- Born: Alan William Landsburg May 10, 1933 White Plains, New York, U.S.
- Died: August 13, 2014 (aged 81) Beverly Hills, California, U.S.
- Occupation(s): Television producer, writer, director
- Spouse(s): Sally Landsburg (divorced) Linda Otto ​(died 2004)​
- Children: 3, including Valerie

= Alan Landsburg =

American television writer

Logo of Alan Landsburg Productions

Alan William Landsburg (May 10, 1933 – August 13, 2014) was an American television writer, producer, and director. He was the founder and CEO of Alan Landsburg Productions and the Landsburg Company and was involved in producing over fifty movies of the week. He had over 2,000 hours of television production experience.

==Biography==

===Early life===
Alan William Landsburg was born on May 10, 1933, in White Plains, New York. His father was Harry Landsburg and his mother, Fannie (Koslowe) Landsburg. He graduated from New York University with a degree in communications. He was immediately drafted due to the Korean War and was assigned to the Army Radio Network as a writer-director.

===Career===
Drawing upon his experience at the Army Radio Network, he embarked upon a career in writing and directing television programs in Manhattan, later relocating to California in the 1960s. From the early-1960s to the mid-1970s, he established himself as a documentary producer. His film, Kennedy, The First Thousand Days received a standing ovation at the 1964 Democratic National Convention. Along with David L. Wolper, he pioneered the television documentary series format. His credits include:
- Biography – wrote, directed, and/or produced 65 episodes hosted by Mike Wallace.
- National Geographic Specials
- The World of Jacques Cousteau — Landsburg executive produced the first season of this landmark aquatic exploration documentary program that was later renamed The Undersea World of Jacques Cousteau
- Alaska Wilderness Lake — A 1971 documentary that was nominated for an Academy Award.
- In Search of... — Launched in 1976, the series explored the paranormal and was hosted by Leonard Nimoy.
In 1980, he created one of the first reality shows, That's Incredible!.

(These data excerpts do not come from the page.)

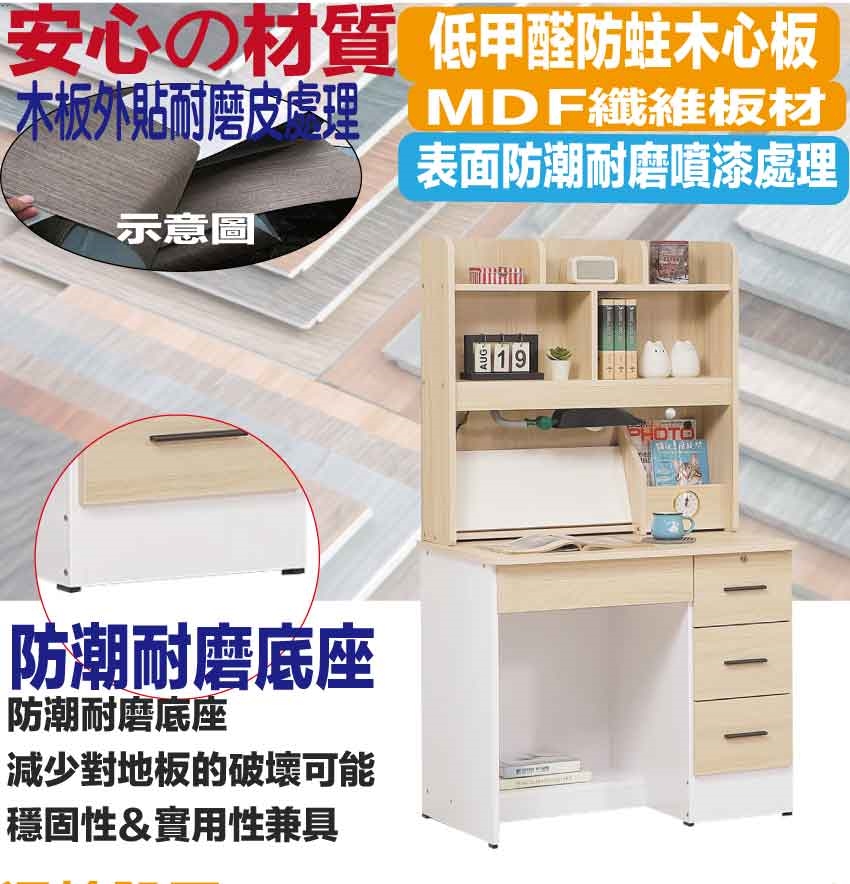 ★偏遠地區需額外加收運費,下標請先問與答詢問★ ★下訂前注意 由於商品流動較快,下訂前請先詢問是否有貨在下訂喔~★ 【綠家居】伊達雙色3尺四抽高書桌組合(二色可選+附LED可調書桌燈) 二色可選+安心材質製造,使用放心+搭配居家更便利,採用防蛀木心板+防潮耐磨底座+五金滑軌結構等安心材質製造 ,外層採用防潮耐磨噴漆處理搭配採用四抽屜+開放多層格+可調書桌燈等收納空間設計,全由專人配送到家,專業安心服務,替你省下更多時間!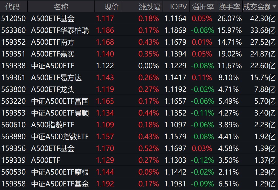 每经记者|叶峰 每经编辑|肖芮冬 市场早盘探底回升,三大指数小幅上涨,中证A500指数上涨0.34%。 从板块来看,游戏股集体走强,算力股维持强势。下跌方面,稀土永磁概念股展开调整。 截至上午收盘,场内多只跟踪中证A500指数的ETF小幅上涨。其中,有15只中证A500相关ETF成交额超1亿元,3只超27亿元。A500ETF基金、A500ETF华泰柏瑞、A500ETF南方早盘成交额分别为42.3亿元、33.68亿元、27.52亿元。 有券商表示,近期科技权重对大盘涨幅贡献较大,权重股“搭台”后,可关注中小票的补涨机会。中期来看,“反内卷”政策及需求端政策将是影响A股市场高度的重要因素,居民储蓄存款入市将是市场指数走强的重要支撑。继续维持指数震荡偏强运行、积极参与A股市场的判断。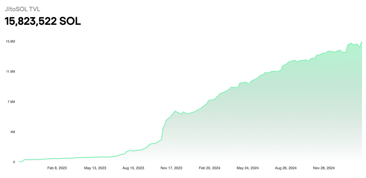 Em termos de SOL, a Jito apostou 15,82 milhões de SOL, o que é aproximadamente 3% do fornecimento total circulante de SOL. No ano passado, a quantidade de SOL apostada mostrou um aumento linear constante.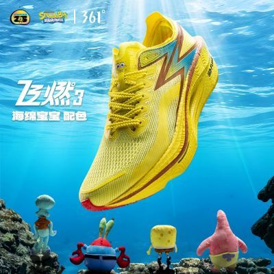 361°飞燃3【海绵宝宝】联名全掌碳板专业竞速马拉松减震运动跑鞋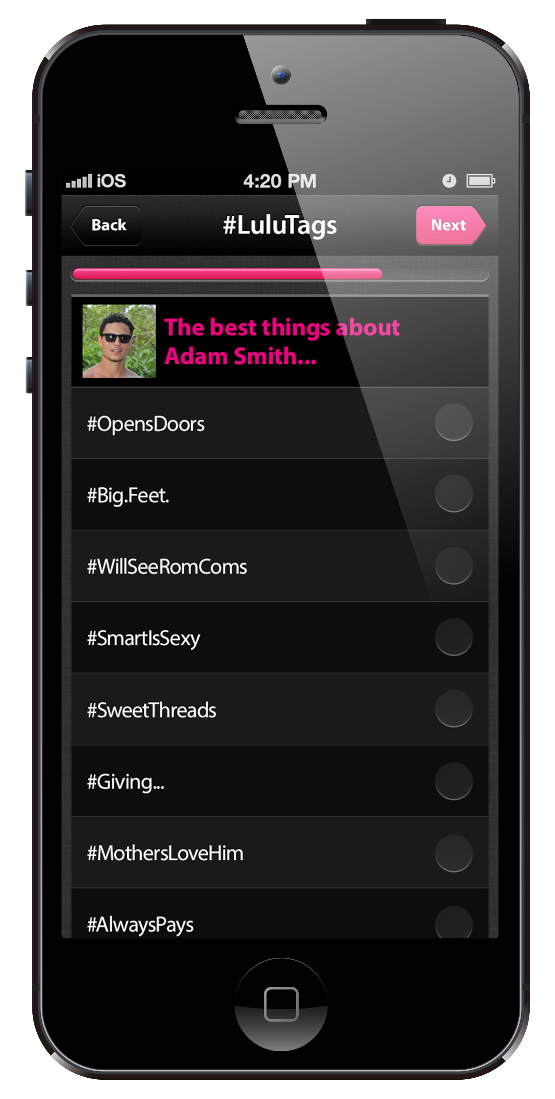 On LuluDude, guys can edit their relationship status, add profile pictures and use hashtags to describe their best (and worst) qualities and their turn-ons (and turn-offs) as well as request reviews from girls. Note that LuluDude is NOT an app for guys to review girls. (Sorry guys).

He was also a prolific executive producer of made-for-television movies, many of which were based on true stories and tackled important social issues. Of note are:
- Bill -- Mickey Rooney won an Emmy and a Golden Globe Award for his portrayal of Bill Sackter, who was institutionalized from the age of seven and struggles to re-integrate into society when he is released almost 45 years later.
- Adam — Recounted the story of Adam Walsh, who was abducted from a Florida shopping center. The film brought attention to how kidnapped children were poorly tracked by federal government agencies. It prompted the formation of the National Center for Missing and Exploited Children, and led to the passage of the Adam Walsh Child Protection and Safety Act in July 2006. Because of his outspoken advocacy on behalf of missing and exploited children, Adam's father, John Walsh, has become a public figure, and is now perhaps best known as host of the Fox television show America's Most Wanted.
- The Ryan White Story — Highlighted the discrimination faced by a young hemophiliac who contracted AIDS from a blood transfusion and promoted tolerance for children afflicted by AIDS.
- A Mother's Right: The Elizabeth Morgan Story — focused on the lengths a mother would go to in order to protect her daughter, who she believed was sexually abused by her ex-husband.
His late wife, Linda Otto, produced and/or directed many of these socially relevant docudramas.

In 1970, he founded his own production company, Alan Landsburg Productions, which later merged into the Reeves Entertainment Group. The situation comedies Gimme a Break! and Kate & Allie were produced under these companies' banners. In 1985, he formed The Landsburg Company, in partnership with Cox Enterprises. The Landsburg Company subsequently signed a deal with David Auerbach, former vice president and secretary of the ALP studio.

===Books===
- 1974 In Search of Ancient Mysteries
- 1975 The Outer Space Connection
- 1976 In Search of Lost Civilizations ("In Search of Lost Civilisations" in the UK)
- 1976 In Search of Extraterrestrials
- 1977 In Search of Magic and Witchcraft
- 1977 In Search of Myths and Monsters
- 1977 In Search of Strange Phenomena
- 1978 In Search of Missing Persons
- 1978 Secrets of the Bermuda Triangle
- 1978 The Insects Are Coming
- 1978 Between the Wars
- 1978 In Search of Lost Civilizations, Extraterrestrials, Magic and Witchcraft, Strange Phenomena, Myths and Monsters (a "Best Of" compilation hardcover)
- 1979 Death Encounters (with Charles Fiore)

===Horse racing===
He retired from the television business in 2001 and pursued his love of horse racing full-time. He owned, raced, and bred more than four hundred thoroughbreds from 1976 to 2014.

A founding director of the Thoroughbred Owners of California, he was the co-author of Handbook for Thoroughbred Owners of California. In 2002, he served as a commissioner and chairman of the California Horse Racing Board. He also served on the board of directors of the National Thoroughbred Racing Association.

===Personal life===
He married Sally (Breit) Landsburg. They had three children: Valerie Landsburg, Shana Landsburg, Michael Landsburg. They divorced.

He later remarried to Linda Otto, a producer of docudramas who died in 2004. They resided in Beverly Hills, California.

===Death===
He died from natural causes at his house in Beverly Hills, California on 13 August 2014 at the age of 81.